È come se si avesse un dado da gioco con due facce di un colore (rosso) e quattro di un
altro (nero): gettando il dado la probabilità di ottenere una faccia nera è doppia di
quella di ottenerne una rossa perché il numero di modi di ottenere il nero è doppio del
numero di modi di ottenere il rosso. È facile rendersi conto che la probabilità di uguale
densità nei due recipienti A e B cresce enormemente al crescere del numero di particelle
rispetto a quella di avere tutte le molecole in A. Se sono quattro a, b, c, d, il conto si fa
ancora rapidamente.
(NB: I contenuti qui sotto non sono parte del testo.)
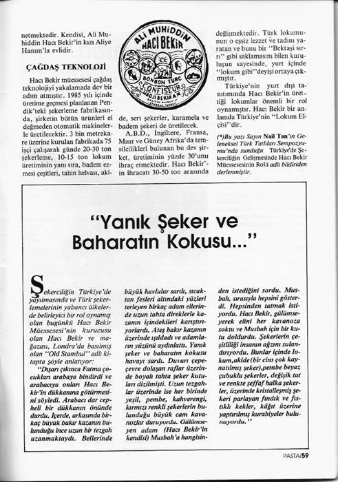 Hacı Bekir Müessesesi, kuşaklar boyunca edinilen ve geliştirilen deneyimlerle şekerleme dünyası ve sanatı üzerine bilgi birikiminin en yüksek noktasına ulaşmıştır.

Lo stato di uguale densità si realizza nei sei modi indicati nella
figura 21.
La probabilità dello stato di ugual densità è dunque sei volte maggiore di quello con
tutte e quattro le molecole in A. Nella tabella scritta sopra si riportano le probabilità dei
due stati per qualche altro numero di molecole abbastanza piccolo. Poiché esiste un
numerò enorme di modi di distribuire N particelle (dove N è il numero di Avogadro) in
modo che metà si trovino in A e metà in B, ma un solo modo di trovarle tutte in A,
diventa chiaro cosa vuol dire che una trasformazione è irreversibile: significa che essa
procede da uno stato meno probabile a uno stato molto più probabile.
(112) Si osservi che questa relazione è di estrema importanza perché , tra l'altro, permette di
calcolare il valore assoluto dell'entropia di uno stato. L'espressione integrale introdotta da
Clausius ci permetteva invece di ricavare solo differenze di entropia. Nella relazione in oggetto, P
deve essere inteso come il numero degli stati dinamici microscopici che fornisce lo stesso stato
termodinamico macroscopico; infatti maggiore è il numero degli stati dinamici microscopici che
realizzano uno stesso stato termodinamico macroscopico, maggiore è la probabilità di quest'ultimo.
Per sua definizione la probabilità termodinamica prende in considerazione solo i casi favorevoli, al
contrario della probabilità matematica che considera i casi favorevoli rapportati a quelli possibili.